| Your task |
Below are the entries to work from; restate word for word the portion that opens with the line containing "Как и во время" and closes with the line containing "סלט בסגנון אסייתי", keeping both.

| Supplied information |
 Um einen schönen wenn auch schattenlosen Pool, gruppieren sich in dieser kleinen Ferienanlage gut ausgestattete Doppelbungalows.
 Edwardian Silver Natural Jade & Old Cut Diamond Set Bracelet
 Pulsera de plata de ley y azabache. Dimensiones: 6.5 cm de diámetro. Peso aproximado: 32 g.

---

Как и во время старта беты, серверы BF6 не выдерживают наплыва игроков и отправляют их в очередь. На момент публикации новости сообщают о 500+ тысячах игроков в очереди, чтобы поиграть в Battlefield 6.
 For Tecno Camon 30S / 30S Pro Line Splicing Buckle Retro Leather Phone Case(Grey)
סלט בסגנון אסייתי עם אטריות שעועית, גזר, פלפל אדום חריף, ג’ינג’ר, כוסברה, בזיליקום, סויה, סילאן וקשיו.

| Task response |
Как и во время старта беты, серверы BF6 не выдерживают наплыва игроков и отправляют их в очередь. На момент публикации новости сообщают о 500+ тысячах игроков в очереди, чтобы поиграть в Battlefield 6.
 For Tecno Camon 30S / 30S Pro Line Splicing Buckle Retro Leather Phone Case(Grey)
סלט בסגנון אסייתי עם אטריות שעועית, גזר, פלפל אדום חריף, ג’ינג’ר, כוסברה, בזיליקום, סויה, סילאן וקשיו.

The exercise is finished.